§ **Exercise details**: Look through the lines below, find those with the word "Prosperous", and copy them.

[Collected data entries]
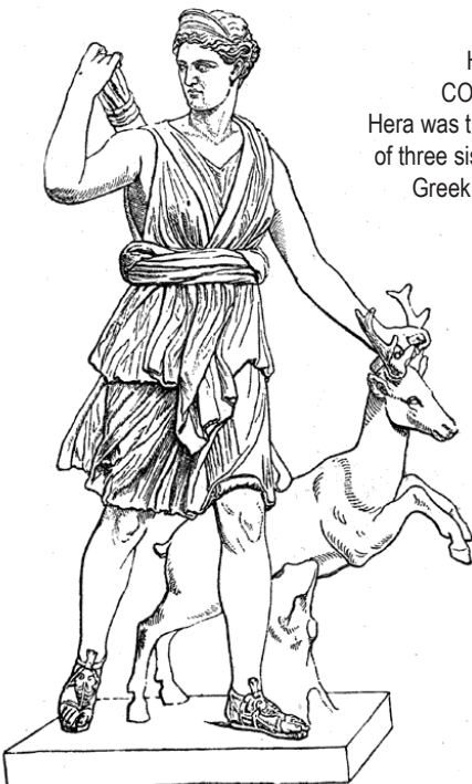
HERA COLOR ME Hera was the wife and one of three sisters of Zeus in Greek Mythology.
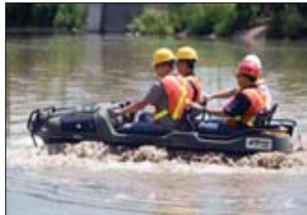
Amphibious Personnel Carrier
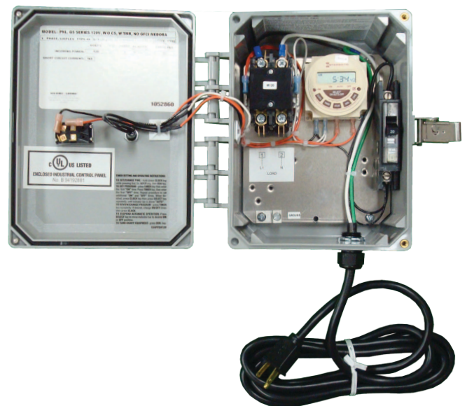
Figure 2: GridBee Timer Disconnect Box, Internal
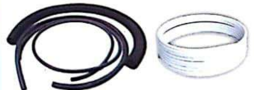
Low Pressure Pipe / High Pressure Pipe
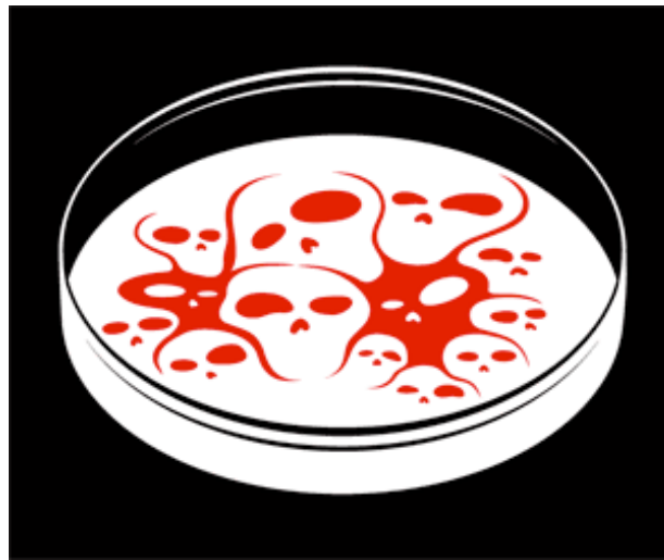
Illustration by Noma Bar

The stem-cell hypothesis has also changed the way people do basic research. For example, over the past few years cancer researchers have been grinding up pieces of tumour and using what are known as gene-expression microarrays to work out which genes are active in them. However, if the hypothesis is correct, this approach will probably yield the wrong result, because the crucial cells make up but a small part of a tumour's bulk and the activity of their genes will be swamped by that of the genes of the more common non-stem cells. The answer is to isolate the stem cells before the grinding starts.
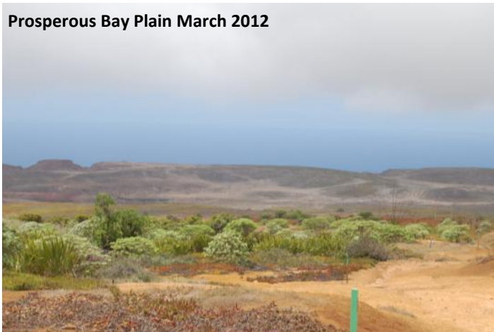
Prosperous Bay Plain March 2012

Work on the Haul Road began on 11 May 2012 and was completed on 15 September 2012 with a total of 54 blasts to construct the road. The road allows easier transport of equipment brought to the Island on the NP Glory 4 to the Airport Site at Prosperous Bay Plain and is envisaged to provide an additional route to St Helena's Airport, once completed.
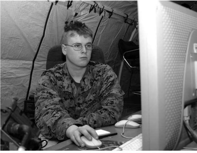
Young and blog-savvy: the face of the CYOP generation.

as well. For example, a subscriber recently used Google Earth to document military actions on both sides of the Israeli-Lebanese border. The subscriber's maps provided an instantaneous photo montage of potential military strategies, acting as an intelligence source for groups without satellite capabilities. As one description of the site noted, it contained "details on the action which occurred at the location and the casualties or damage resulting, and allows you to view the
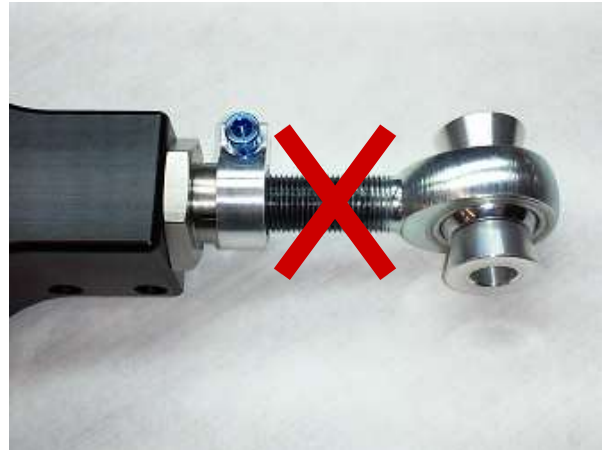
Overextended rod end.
...
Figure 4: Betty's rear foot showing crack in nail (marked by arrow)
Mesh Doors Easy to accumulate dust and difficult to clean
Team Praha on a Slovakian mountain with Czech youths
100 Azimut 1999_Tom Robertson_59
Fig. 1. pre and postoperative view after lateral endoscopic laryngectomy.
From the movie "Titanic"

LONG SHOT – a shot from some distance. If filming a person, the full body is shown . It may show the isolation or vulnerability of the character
==
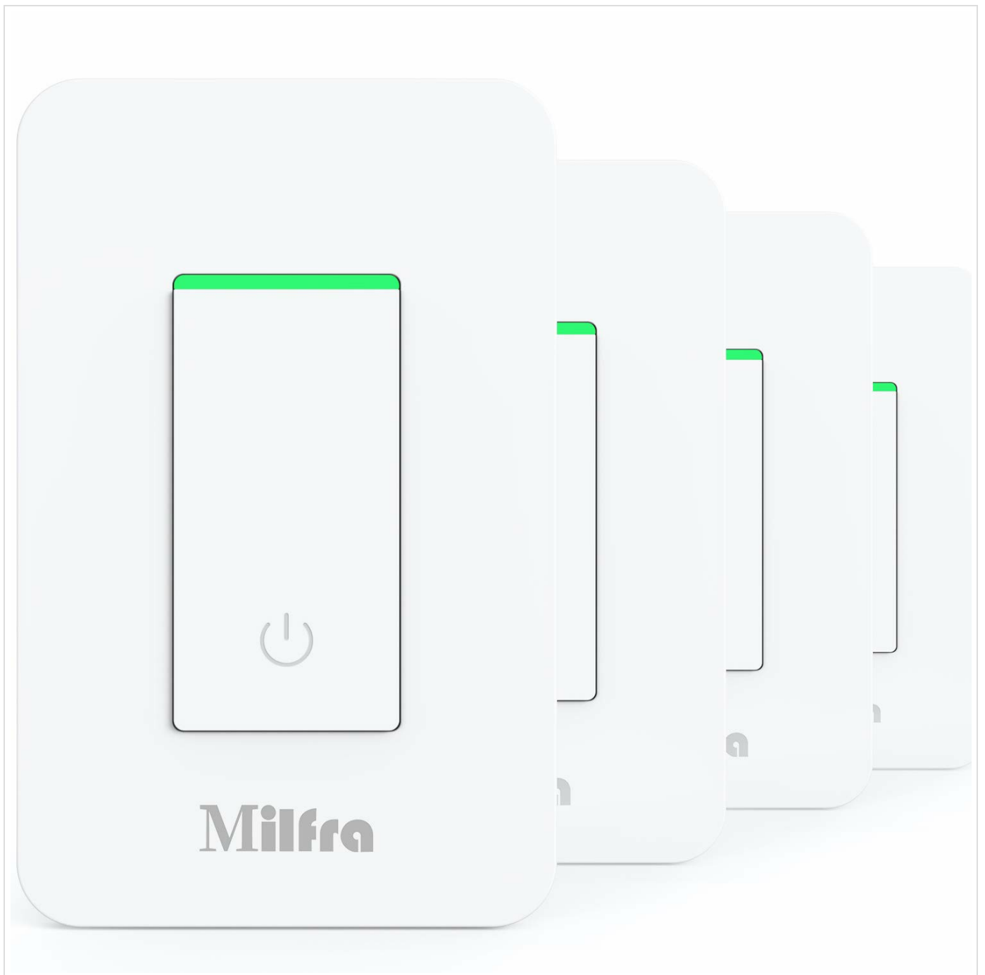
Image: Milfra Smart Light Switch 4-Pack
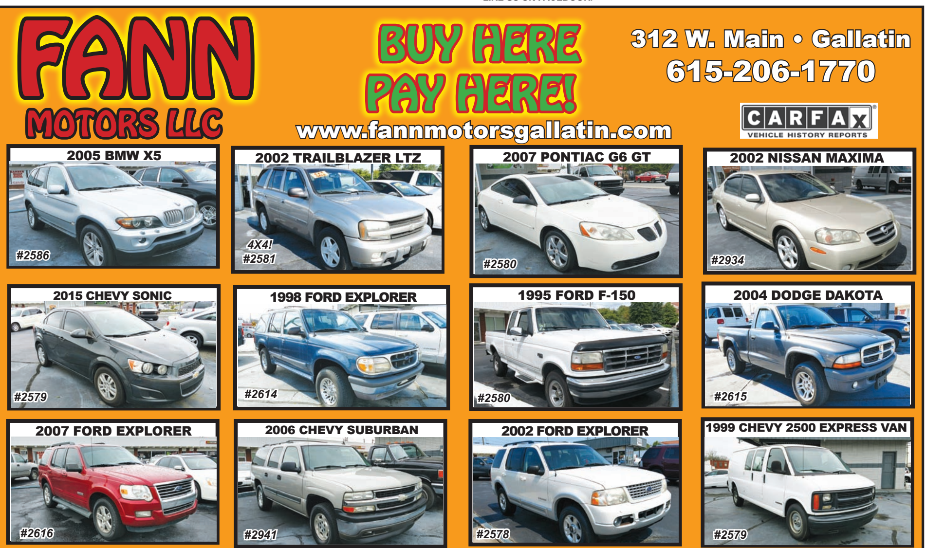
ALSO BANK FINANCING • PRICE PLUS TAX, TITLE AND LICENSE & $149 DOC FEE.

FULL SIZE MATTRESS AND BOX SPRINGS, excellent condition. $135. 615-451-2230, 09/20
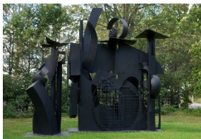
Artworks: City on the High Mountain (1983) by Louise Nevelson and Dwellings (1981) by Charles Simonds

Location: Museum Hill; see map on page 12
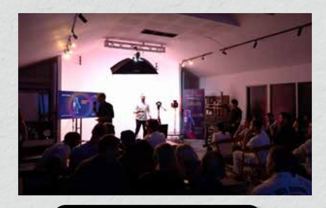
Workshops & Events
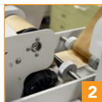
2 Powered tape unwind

§ **Expected answer**:
Prosperous Bay Plain March 2012
Work on the Haul Road began on 11 May 2012 and was completed on 15 September 2012 with a total of 54 blasts to construct the road. The road allows easier transport of equipment brought to the Island on the NP Glory 4 to the Airport Site at Prosperous Bay Plain and is envisaged to provide an additional route to St Helena's Airport, once completed.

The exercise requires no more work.